** Source data **

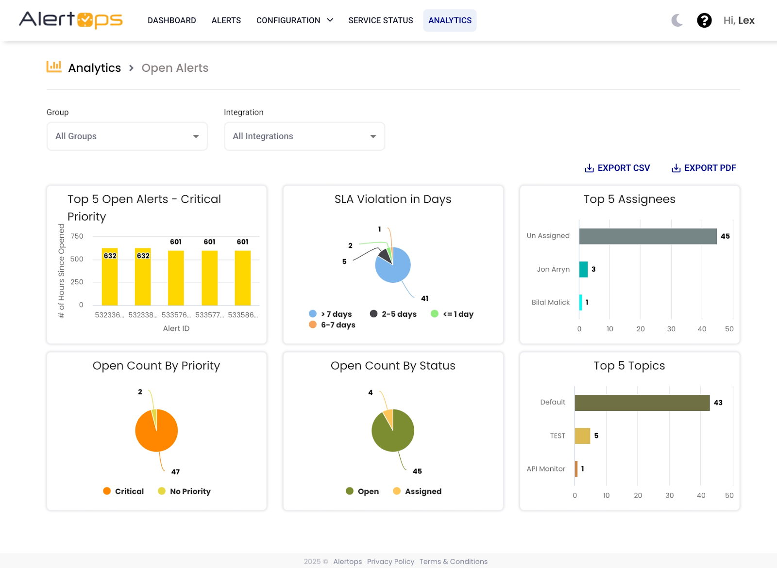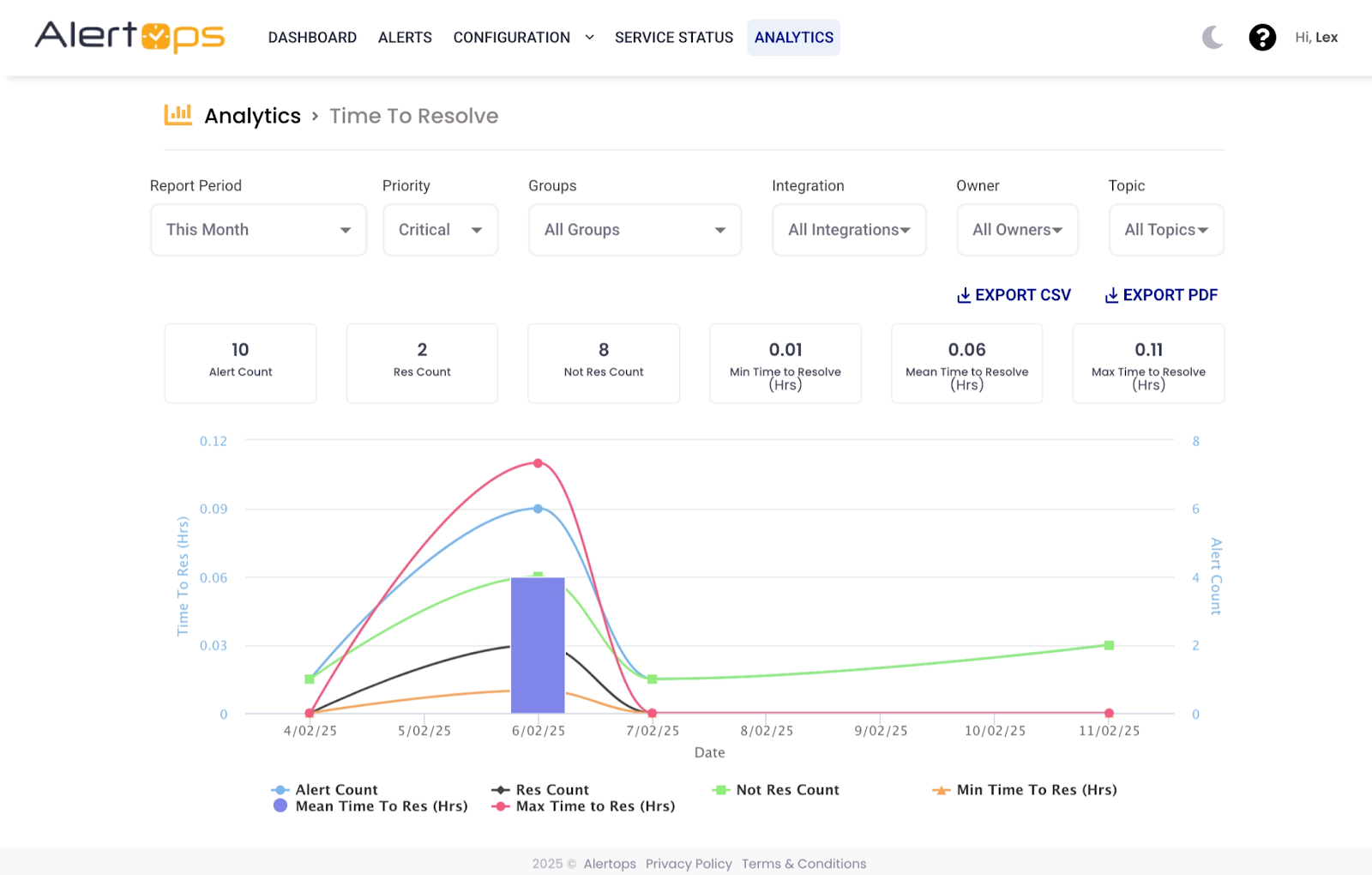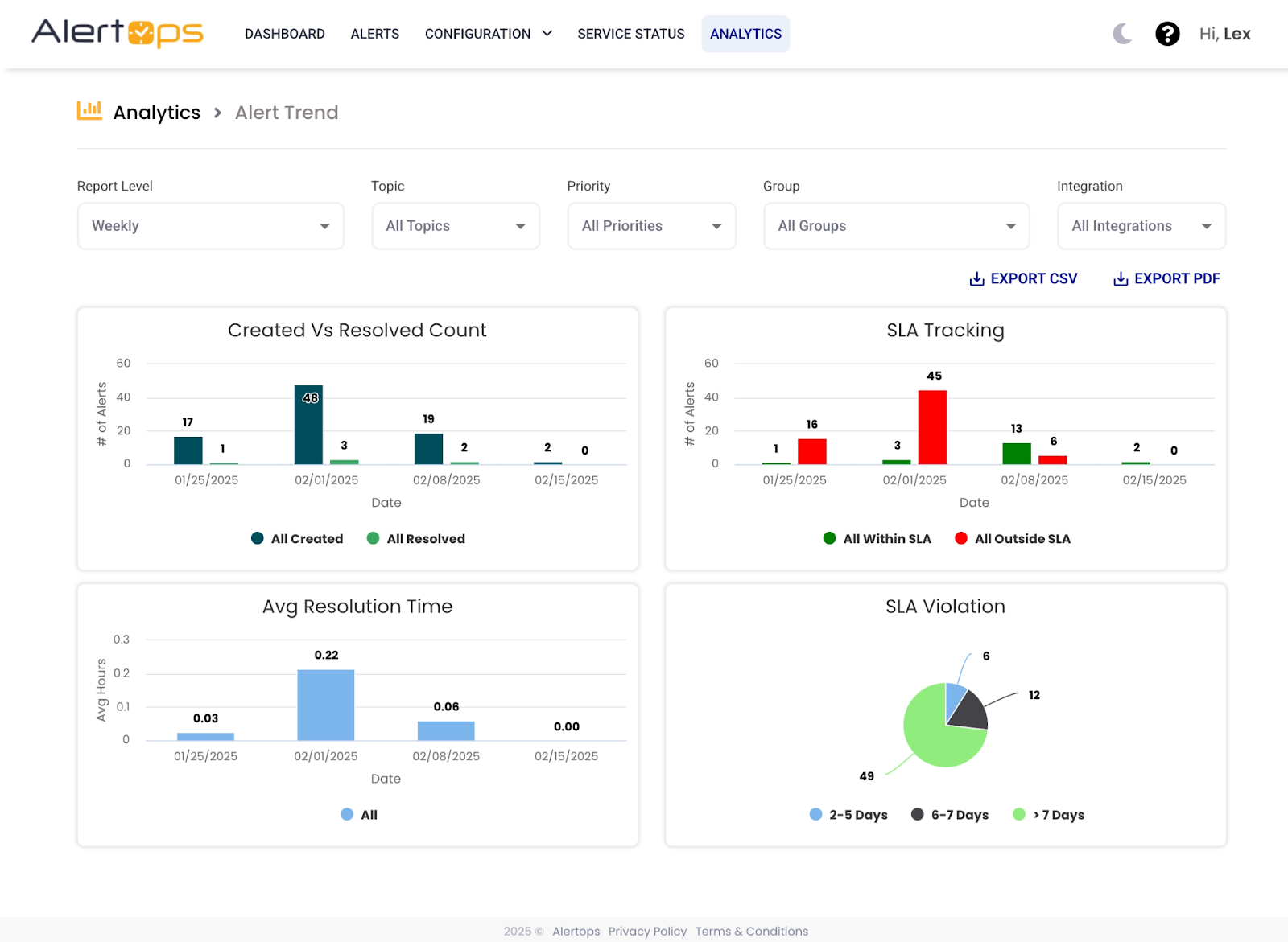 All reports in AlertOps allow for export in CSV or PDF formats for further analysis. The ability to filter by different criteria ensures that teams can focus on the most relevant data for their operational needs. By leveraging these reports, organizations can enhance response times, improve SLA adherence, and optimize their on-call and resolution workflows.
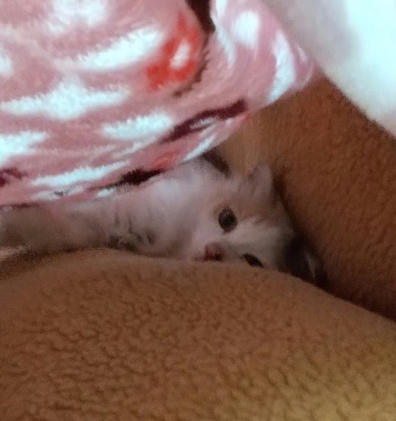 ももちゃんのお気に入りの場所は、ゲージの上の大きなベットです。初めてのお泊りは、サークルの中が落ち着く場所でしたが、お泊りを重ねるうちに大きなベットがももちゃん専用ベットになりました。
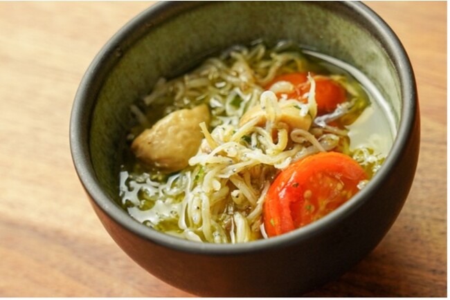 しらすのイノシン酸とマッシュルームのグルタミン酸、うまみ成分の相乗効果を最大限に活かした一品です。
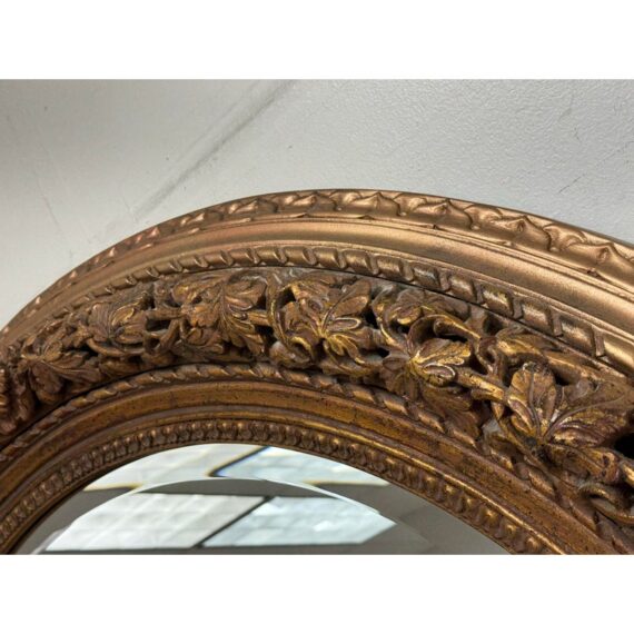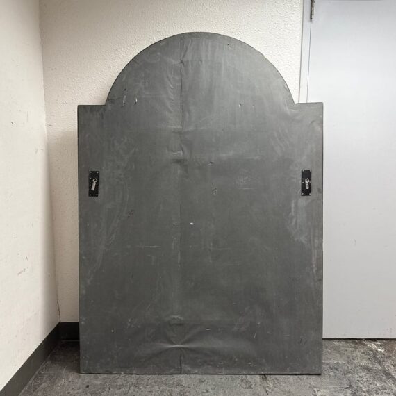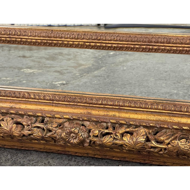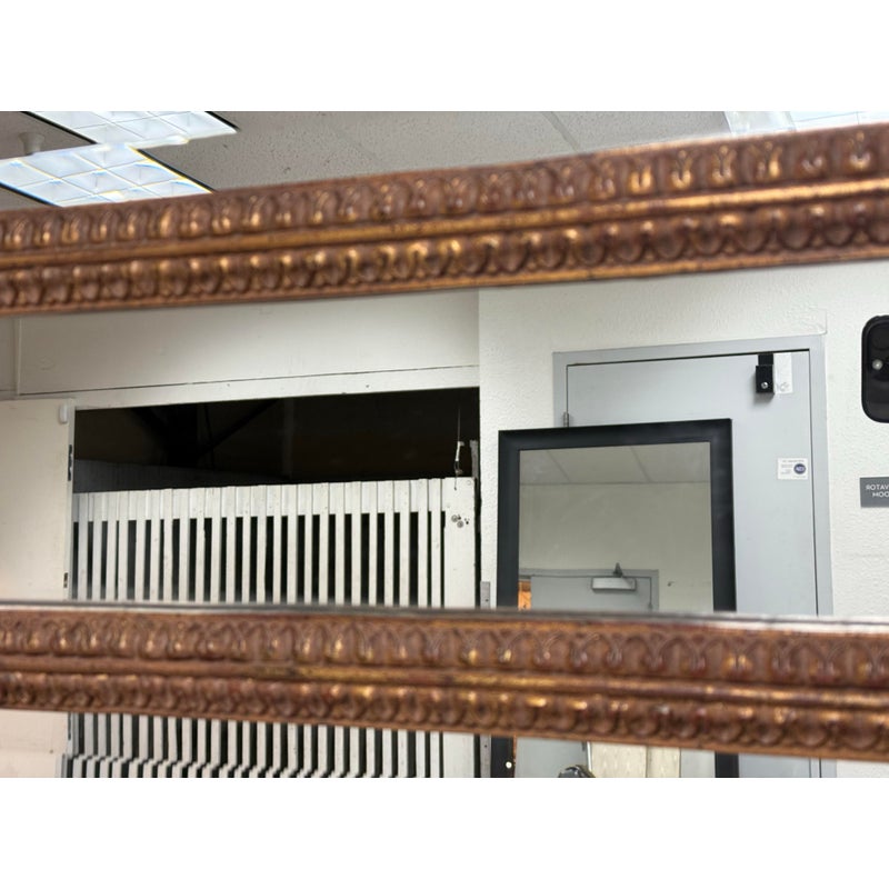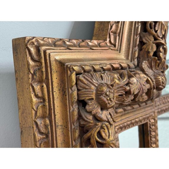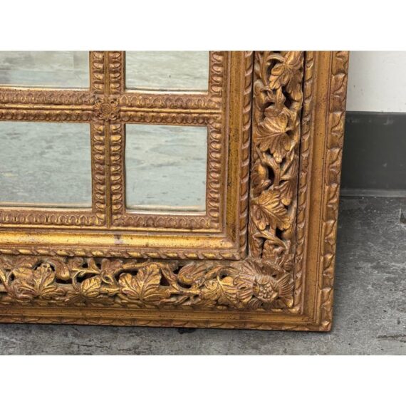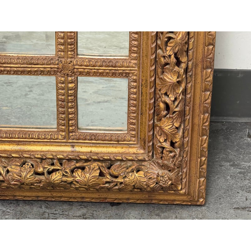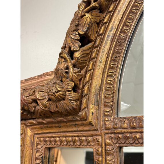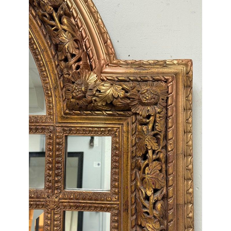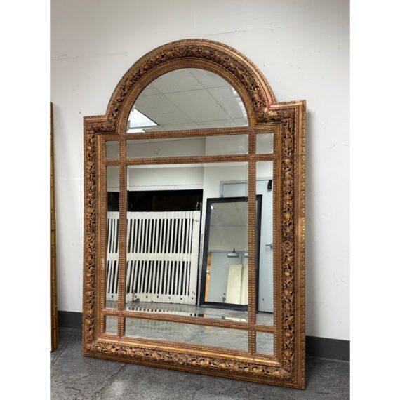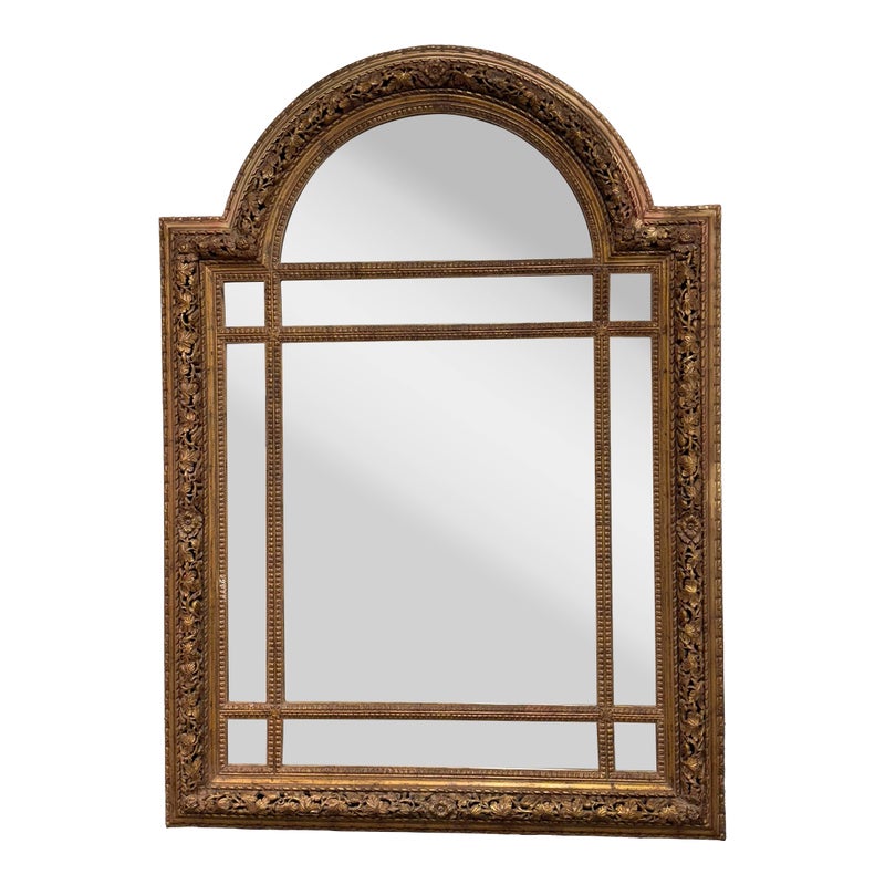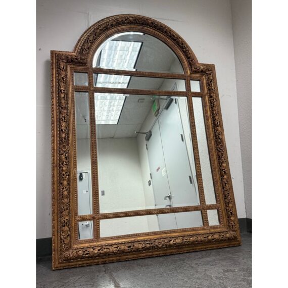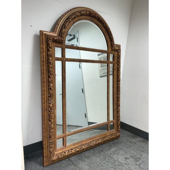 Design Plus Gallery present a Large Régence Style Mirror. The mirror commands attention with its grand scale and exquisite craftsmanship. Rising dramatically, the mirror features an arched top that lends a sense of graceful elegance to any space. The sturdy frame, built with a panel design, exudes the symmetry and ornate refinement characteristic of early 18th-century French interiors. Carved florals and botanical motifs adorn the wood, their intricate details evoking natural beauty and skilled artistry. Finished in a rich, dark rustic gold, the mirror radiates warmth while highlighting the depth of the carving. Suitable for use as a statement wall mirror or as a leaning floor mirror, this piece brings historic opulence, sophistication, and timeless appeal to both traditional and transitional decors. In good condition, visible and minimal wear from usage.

** What the task asks **
An exact copy is needed of the lines from the start of the listing through the line with "ももちゃんのお気に入りの場所", both end lines included and pictures excluded.

** Reply **
 All reports in AlertOps allow for export in CSV or PDF formats for further analysis. The ability to filter by different criteria ensures that teams can focus on the most relevant data for their operational needs. By leveraging these reports, organizations can enhance response times, improve SLA adherence, and optimize their on-call and resolution workflows.
 ももちゃんのお気に入りの場所は、ゲージの上の大きなベットです。初めてのお泊りは、サークルの中が落ち着く場所でしたが、お泊りを重ねるうちに大きなベットがももちゃん専用ベットになりました。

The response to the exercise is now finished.